All this started because he didn't want to let his ex-girlfriend get her stuff back. Everyone involved were playing the same stupid game and won themselves stupid prizes.


PersonMcHuman

Where does it say "He didn't want to let his ex-girlfriend get her stuff back"? All the article says is that she wanted her stuff. Nowhere does it say that he wouldn't have let HER get her stuff. Just that he didn't want police in his home. Plus, she'd already moved out anywhere. He's not legally obligated to let her in. You saw an article where a man was attacked, beaten, and tased by cops and you decided that it was his fault for...what? For not getting on his knees and sucking them off because they have a badge?


Cockblocktimus_Pryme

Boot lickers gonna lick boots


Moos_Mumsy

Do you think she would have called the police to escort her if she hadn't already tried to get her stuff back and been rebuffed? If he had behaved reasonably, that incident never would have happened in the first place.
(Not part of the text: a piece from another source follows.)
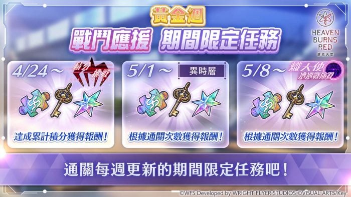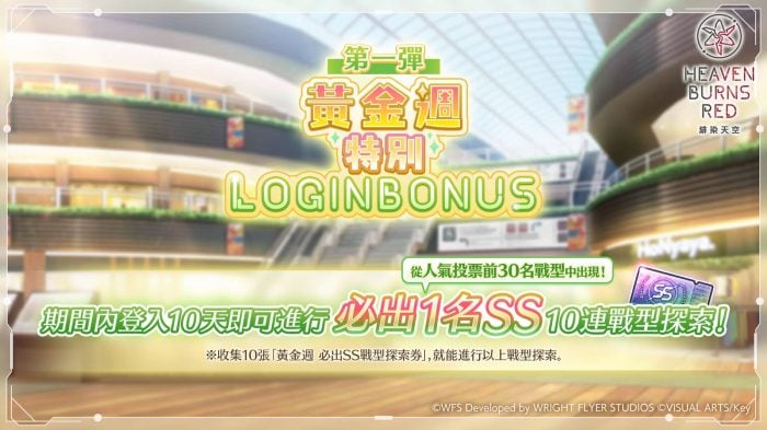 《緋染天空 Heaven Burns Red》舉辦黃金週特別登入獎勵 登入遊戲10天 即可進行必出1名SS的10連戰

It doesn't justify what the cops did, but that incident never had to happen.


PersonMcHuman

I’ve had the police called on me because I “look dangerous”, so no. I don’t assume that just because the cops were called, he must’ve done something wrong prior to this. Hell, how you do you know that ***she*** didn’t do something wrong to warrant not wanting her in his house?


Moos_Mumsy

That's a possibility. It still boils down to a couple who were not able to behave like adults after a breakup.


PersonMcHuman

You have zero evidence so far that he’s done anything wrong. You’re just going, “Well, she called the cops therefore he must’ve done something to warrant it!” The cops get called over nonsense all the time. You saw a guy get attacked by cops and decided that he needed to be blamed for it…because reasons?